I got well ahead of the game this month and watched all three titles in my challenge in the middle of September. I've only just got around to reviewing them though, so these write-ups might be a bit brief and vague. I don't make notes when I watch these.
October ended up being a strong selection of films, possibly the strongest so far. Below are my thoughts on the titles:
Nominated by Jim Whalley
I've wanted to watch this for a long time as I like Robert Altman and have a soft spot for these type of large ensemble dramas with several interwoven storylines. The length has always put me off though (it's a little over 3 hours long), so I'm very happy that Jim picked this for me to finally watch. I'm particularly happy as it ended up being as great as I'd heard and hoped.
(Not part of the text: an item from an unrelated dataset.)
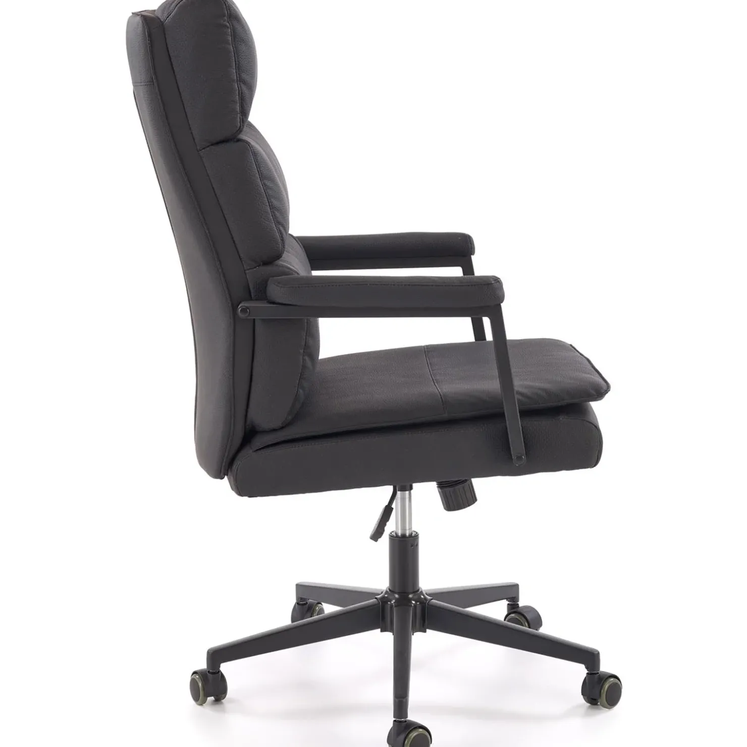 Sedia da ufficio con ruote e braccioli imbottita in ecopelle nero Yara

The cast is incredible for one. I'm not sure I've ever seen a stronger line-up of actors in one film and they all deliver top notch performances. Tim Robbins has possibly the most memorable role as a deplorable husband, father and cop. He plays it big, which could have resulted in being hammy, but it serves to make his character look childish and pathetic whilst he parades around trying to lord it over everyone.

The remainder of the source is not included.